Most teachers would agree that one of the most difficult aspects to deal with in education is the lack of parental in providing support to school curriculum or attending to the child’s behavioral issues and needs. Parental involvement and support is crucial and positively related to numerous factors including test scores, attendance, and graduation rates. According to Epstein(1995 in her research-based framework, these are the six types of parental involvement.
- Parenting: assisting families establish environments that support the developing learner.
- Communicating: designing and using effective forms of home to school communication with programs about children’s growth.
- Volunteering: recruiting, organizing, and providing opportunities for volunteers to support student learners.
- Learning at Home: family involvement in support of their children’s growth.
- Decision-making: including parents in school decisions.
- Collaborating with the community: coordinating various community resources and services, and providing services to the community.
Another aspect of equal importance is the reading specialist’s task of helping teachers understand what readers bring to the classroom or what they may be lacking. I believe it is vitally important for teachers to be aware of student skills brought to the classroom or the lack of some of those skills and assist them in providing opportunities to supplement those deficits to allow the student to read and thrive.
CHAPTER TWELVE
The Reading Specialist as Lifelong Learner
Addressing Challenges and Changes
- Ways in which reading specialists can continue their professional learning.
- Ways for reading specialists can prepare for interviews.
All educators must remain lifelong learners. Continued learning for the reading specialist can be achieved in a variety of ways. Professional learning by way of formal participation in courses either online, in print, or face to face, becoming a member of professional organizations that match grade level and school responsibilities, pursuing advanced degrees and professional development, as well as networking with other coaches are important as a means of remaining passionate about their profession and maintaining an eagerness to improve instruction for their students and school. Setting lifelong learning goals will also help reading specialists prepare to change or modify past or current teaching behaviors for students and the coaching of fellow teachers. Another important aspect of the learning for a reading specialist is to remain up-to-date on local, state, and federal guidelines.
- Report of the National Reading Panel (National Institute of Child Health and Human Development, 2000)
- Reading Next (Biancarosa & Snow, 2004)
- Adolescent Literacy (Ippolito et, al., 2012)
- Report of the National Literacy Panel on Language Minority Children and Youth (August & Shanahan, 2006)

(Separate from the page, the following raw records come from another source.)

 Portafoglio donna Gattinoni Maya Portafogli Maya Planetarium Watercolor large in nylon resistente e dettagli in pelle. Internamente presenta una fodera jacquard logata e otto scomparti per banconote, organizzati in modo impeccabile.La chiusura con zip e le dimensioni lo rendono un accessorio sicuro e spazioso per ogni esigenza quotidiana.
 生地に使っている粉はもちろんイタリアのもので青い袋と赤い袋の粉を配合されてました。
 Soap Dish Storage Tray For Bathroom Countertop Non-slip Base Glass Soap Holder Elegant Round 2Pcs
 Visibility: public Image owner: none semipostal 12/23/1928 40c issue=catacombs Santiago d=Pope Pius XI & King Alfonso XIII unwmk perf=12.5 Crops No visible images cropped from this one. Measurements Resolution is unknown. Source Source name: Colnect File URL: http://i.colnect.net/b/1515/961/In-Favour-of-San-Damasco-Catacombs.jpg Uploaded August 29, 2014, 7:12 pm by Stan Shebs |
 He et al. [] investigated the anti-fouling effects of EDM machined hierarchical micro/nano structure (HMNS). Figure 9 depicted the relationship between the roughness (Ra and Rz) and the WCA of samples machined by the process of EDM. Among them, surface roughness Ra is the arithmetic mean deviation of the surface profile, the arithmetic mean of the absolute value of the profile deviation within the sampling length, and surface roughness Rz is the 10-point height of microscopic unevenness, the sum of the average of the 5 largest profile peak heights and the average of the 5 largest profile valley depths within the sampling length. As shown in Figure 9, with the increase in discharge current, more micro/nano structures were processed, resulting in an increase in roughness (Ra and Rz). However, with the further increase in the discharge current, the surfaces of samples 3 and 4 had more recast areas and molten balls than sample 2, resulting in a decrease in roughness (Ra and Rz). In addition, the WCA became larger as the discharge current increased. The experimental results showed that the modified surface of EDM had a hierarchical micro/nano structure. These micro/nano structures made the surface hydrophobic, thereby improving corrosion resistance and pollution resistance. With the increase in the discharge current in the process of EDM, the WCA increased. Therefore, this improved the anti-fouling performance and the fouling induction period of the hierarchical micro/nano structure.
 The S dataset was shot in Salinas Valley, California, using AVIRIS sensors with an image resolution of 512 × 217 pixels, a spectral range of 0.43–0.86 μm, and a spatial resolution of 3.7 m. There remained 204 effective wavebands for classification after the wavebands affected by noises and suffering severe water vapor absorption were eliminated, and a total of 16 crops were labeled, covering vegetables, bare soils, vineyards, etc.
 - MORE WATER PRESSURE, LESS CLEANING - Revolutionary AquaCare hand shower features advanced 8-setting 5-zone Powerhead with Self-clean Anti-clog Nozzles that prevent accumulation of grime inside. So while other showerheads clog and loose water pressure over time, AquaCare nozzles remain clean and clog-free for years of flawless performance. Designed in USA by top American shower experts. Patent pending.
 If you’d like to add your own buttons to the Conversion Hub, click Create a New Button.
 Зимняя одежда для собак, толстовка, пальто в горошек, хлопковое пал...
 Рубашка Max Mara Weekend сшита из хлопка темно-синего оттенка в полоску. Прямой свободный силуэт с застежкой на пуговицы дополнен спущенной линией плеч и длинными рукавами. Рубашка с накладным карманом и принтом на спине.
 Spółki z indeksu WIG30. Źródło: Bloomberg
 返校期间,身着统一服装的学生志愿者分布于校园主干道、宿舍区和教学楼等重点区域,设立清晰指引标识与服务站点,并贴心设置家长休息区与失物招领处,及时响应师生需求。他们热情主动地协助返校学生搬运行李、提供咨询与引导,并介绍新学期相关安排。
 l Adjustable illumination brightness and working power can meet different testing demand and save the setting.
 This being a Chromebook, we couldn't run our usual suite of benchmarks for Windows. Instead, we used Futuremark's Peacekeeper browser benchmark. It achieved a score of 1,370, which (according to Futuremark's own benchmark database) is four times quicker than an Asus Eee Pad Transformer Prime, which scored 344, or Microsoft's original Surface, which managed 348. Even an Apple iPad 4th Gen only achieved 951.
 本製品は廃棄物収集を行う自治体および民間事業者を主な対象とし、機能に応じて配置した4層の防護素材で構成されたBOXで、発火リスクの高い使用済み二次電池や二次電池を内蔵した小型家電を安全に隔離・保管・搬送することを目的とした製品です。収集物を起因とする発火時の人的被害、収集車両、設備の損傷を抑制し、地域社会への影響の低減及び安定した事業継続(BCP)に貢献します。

Reading specialist must remember why they chose to become reading specialists such as concern for the reading struggles their students, the desire to become more proficient at teaching reading, as well as finding best practices for teaching the struggling reader. These types of questions will more than likely come up in a professional interview, and reading specialists need to reflect on these reasons in order to adequately explain their thoughts and professional goals to a potential supervisor. Enthusiasm for teaching reading is another aspect a reading specialist must be willing to express. Future reading specialist interviewees may wish to familiarize themselves with briefs available on the Literacy Coaching Clearinghouse (www.literacycoachingonline.org).
Along with supporting teachers and learners, reading specialist must remember to validate themselves and stay up to date on current trends; both good and possibly harmful. Reading specialists and all teachers must remain focused on the learner and best practices to address learner’s needs.
Bean, Rita M.,(2015) The Reading Specialist, Leadership and Coaching for the Classroom,
School, and Community, 3rd edition, New York, NY, The Guilford Press.